[nova][all][ptg] Summary: Same-Company Approvals

Morgan Fainberg morgan.fainberg at gmail.com
Sun May 5 01:19:48 UTC 2019

On Sat, May 4, 2019, 16:48 Eric Fried <openstack at fried.cc> wrote:

> (NB: I tagged [all] because it would be interesting to know where other
> teams stand on this issue.)
> Etherpad: https://etherpad.openstack.org/p/nova-ptg-train-governance
> Summary:
> - There is a (currently unwritten? at least for Nova) rule that a patch
> should not be approved exclusively by cores from the same company. This
> is rife with nuance, including but not limited to:
>   - Usually (but not always) relevant when the patch was proposed by
> member of same company
>   - N/A for trivial things like typo fixes
> - The issue is:
>   - Should the rule be abolished? and/or
>   - Should the rule be written down?
> Consensus (not unanimous):
> - The rule should not be abolished. There are cases where both the
> impetus and the subject matter expertise for a patch all reside within
> one company. In such cases, at least one core from another company
> should still be engaged and provide a "procedural +2" - much like cores
> proxy SME +1s when there's no core with deep expertise.
> - If there is reasonable justification for bending the rules (e.g. typo
> fixes as noted above, some piece of work clearly not related to the
> company's interest, unwedging the gate, etc.) said justification should
> be clearly documented in review commentary.
> - The rule should not be documented (this email notwithstanding). This
> would either encourage loopholing or turn into a huge detailed legal
> tome that nobody will read. It would also *require* enforcement, which
> is difficult and awkward. Overall, we should be able to trust cores to
> act in good faith and in the appropriate spirit.
> efried
> .

Keystone used to have the same policy outlined in this email (with much of
the same nuance and exceptions). Without going into crazy details (as the
contributor and core numbers went down), we opted to really lean on "Overall,
we should be able to trust cores to act in good faith". We abolished the
rule and the cores always ask for outside input when the familiarity lies
outside of the team. We often also pull in cores more familiar with the
code sometimes ending up with 3x+2s before we workflow the patch.

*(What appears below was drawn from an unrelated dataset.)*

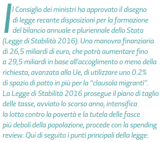 Home > Altro > Archivio > Legge di Stabilità 2016: reale beneficio alle tasche dei contribuenti italiani?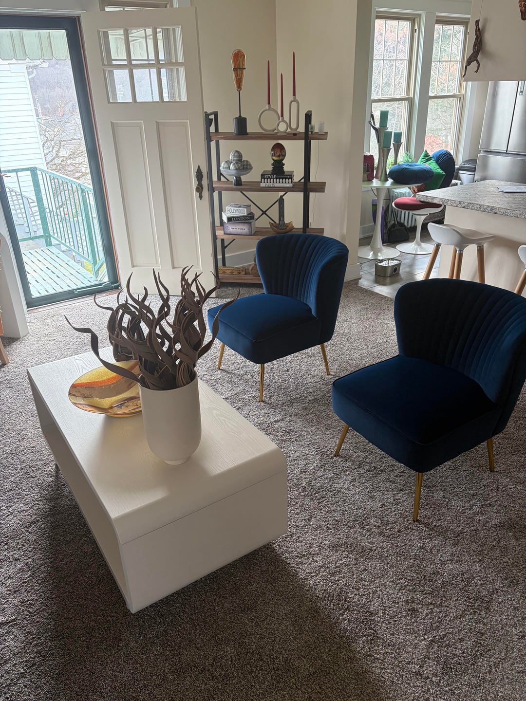 That shallow table can go where your TV is currently, and I’d get rid of that orange accent chair. I would also get rid of at least ONE of the tall dried plant-decorations you have. The tall shelf you have for decorations would also be a great place for a bar cart.

Personally <non-core/non-leadership hat> I don't like the "this is an
unwritten rule and it shouldn't be documented"; if documenting and
enforcement of the rule elicits worry of gaming the system or being a dense
some not read, in my mind (and experience) the rule may not be worth
having. I voice my opinion with the caveat that every team is different. If
the rule works, and helps the team (Nova in this case) feel more confident
in the management of code, the rule has a place to live on. What works for
one team doesn't always work for another.